By Preethi Mangadu
Chief Editor of News
Many cities in Central Texas have announced new water restrictions due to the Texas drought. Though San Marcos has water restrictions, issued April 04, 2022, there is a chance of restrictions increasing.
Austin, Round Rock, Hutto, Buda, Kyle, and Georgetown all have new water restrictions that affect residential areas, commercial businesses, industrial properties, public schools, and more communities. The restrictions range from Stage 1 restrictions to Stage 3 restrictions.
According to the National Integrated Drought Information System (NIDIS), Texas is currently having its sixth driest year out of the past 128 years, which is affecting about 22.8 million people.
Hays County, including San Marcos, is having its fifth driest year out of the past 128 years and severe drought (D2) conditions. This means “pasture conditions are very poor,” “soil is hard, hindering planting; crop yields decrease” and “wildfire danger is severe; burn bans are implemented,” as stated by the NIDIS.
“San Marcos is currently in Stage 2 drought restrictions,” said Jan De La Cruz, San Marcos Utilities Conservation Coordinator. “However, there is a risk we could go to Stage 3 soon, which would limit the use of sprinklers to one day every other week.”
Stage 2 water restrictions include wastewater being prohibited, irrigation with hose-end sprinklers and automatic sprinkler irrigation systems being limited, car washing being restricted, swimming pools required to be covered, and more.

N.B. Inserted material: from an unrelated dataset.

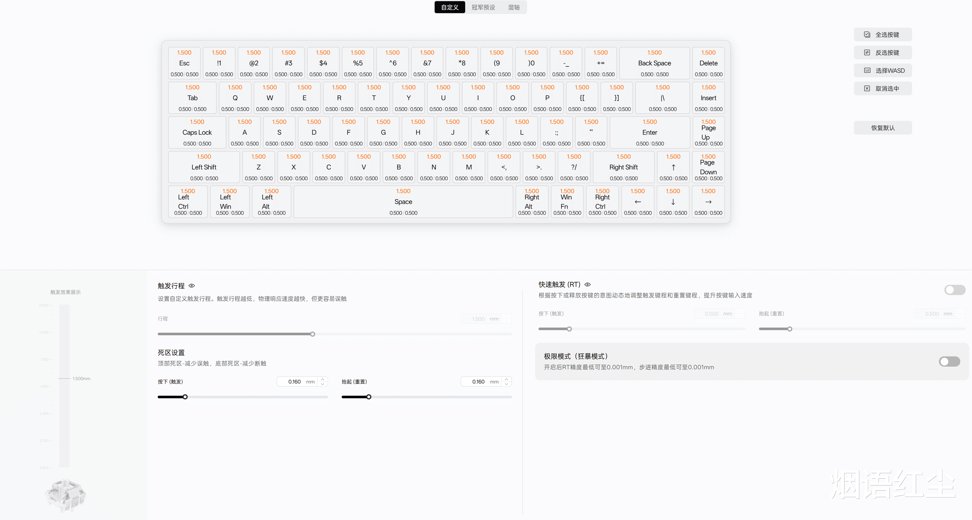 万磁王轴的初始磁通量为100±15GS,触底磁通量可达640±60GS,确保了触发的精准度和一致性。这种设计使得键盘寿命大幅提升,真正做到了“一次投资,长久使用”。 磁轴技术最吸引人的地方在于其可调节触发键程的功能。我们可以通过驱动软件,根据个人习惯和不同游戏的需求,自定义每个按键的触发点。无论是追求极速触发的FPS游戏,还是需要防止误触的MMO游戏,ATK RS6 Ultra都能完美适应。

One way water restrictions and drought threats in San Marcos are determined is by the 10-day average index well level in the Edwards Aquifer. When Stage 2 was enacted, the average was at 649.3 feet above the mean sea level. In the most current report from the National Weather Service, the current level is 632 feet, which is 25 feet below historical average values for this time of year, according to data collected on July 13, 2022.
While La Niña, a natural Pacific Ocean cycle, and heat waves are proponents of Texas’s drought, many factors can play into it.
“It’s a mix of rapid growth in San Marcos which strains limited water recourses and lack of rainfall we’ve received this season,” said De La Cruz. “San Marcos is 6” behind in rainfall for this year. We should have received over 20” by now but have only received about 14”.”
San Marcos residents can help protect water supplies by limiting irrigation with water, fixing any water leaks and prioritizing watering to trees and native perennial plants first to lawns and annual beds last.